Pedelecs are not electric bicycles, they are electric assist bicycles. They are not about speed, as you remark, you like many can ride much faster than the assist limit on the flat so you don't need assistance to go faster. Pedelecs are about assistance when it is needed such as uphill or against head winds.
The legislators set the speed and power limits where they are because they have to, not because they are useless. Those limits are just before they start to collide with motor vehicle law. Attempt to make the assist speed limit 20 or 25 mph as many want and the Moped manufacturers and dealers start to kick off, demanding they are freed from any bureacracy too.
It's been tried and it's failed. Germany and Switzerland introduced so called speed pedelecs, assisted up to 28 mph (45kph) and later with up to 500 watts rating to help get to those speeds. The Netherlands followed and had to concede to some of the moped demands for equal treatment. The result was chaos and an uproar from cyclists, since their excellent cycle paths were suddenly invaded by not only faster speed pedelecs but also by all the mopeds using the same 28 mph speed limit, scaring the life out of cyclists and causing a jump in accidents.
France had announced that it was going to introduce speed pedelecs a couple of years ago, but when they saw what had happened in The Netherlands they permanently cancelled that plan. Of well over 30 countries throughout Europe, the only other country to have introduced speed pedelecs has been Denmark, but like The Netherlands now, only with additional restrictions.

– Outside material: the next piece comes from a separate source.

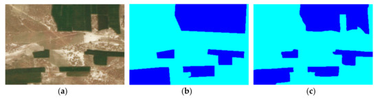 Example of visible structural inaccuracies in agriculture land (different image clusters are marked with selected colours): (a) satellite image “965977_sat_00000.png“ from our constructed dataset, (b) not corrected GT image of “965977_sat_00000.png,“ and (c) corrected GT image of “965977_sat_00000.png “ from our constructed dataset.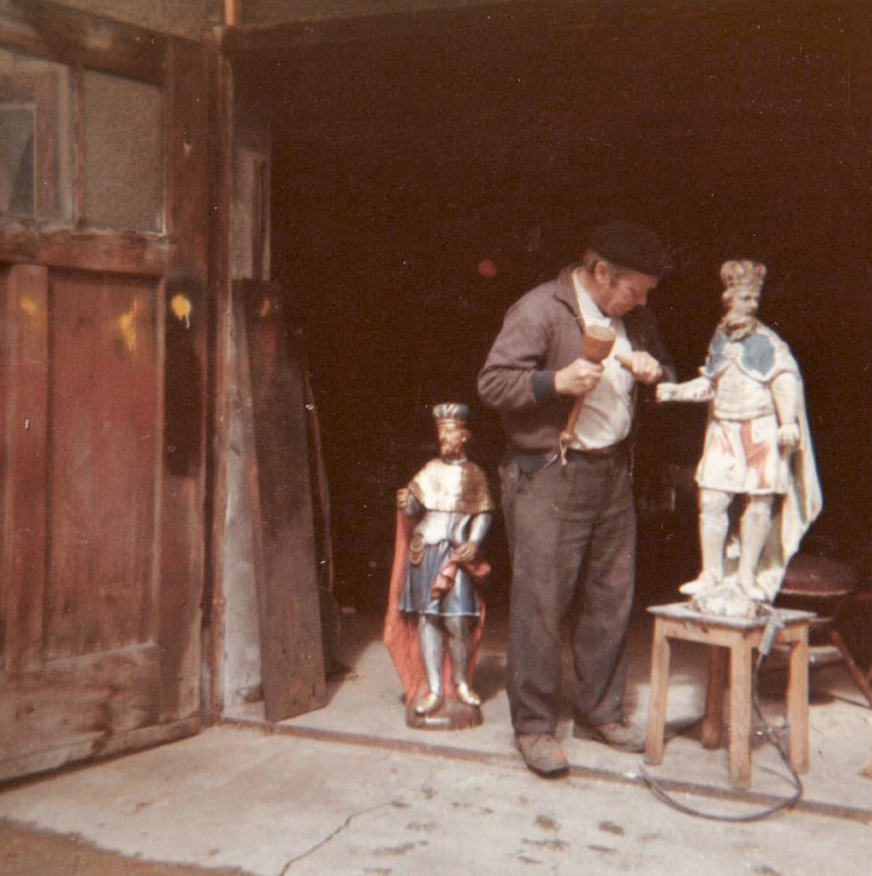 Ernest Steiner rénove des statuettes (1968).

And in those only four countries still having speed pedelecs, all have to be registered with number plates, third part insurance and compulsory helmet wearing at all times. That's what we can expect if we ever won a higher assist limit, real bureacracy. There's even a driving licence group now for motorised vehicles capable of 25 kph (15.5 mph), it's group Q and it could be applied to us in future
Be content with what you have, it's very unlikely to get better and could get far, far worse.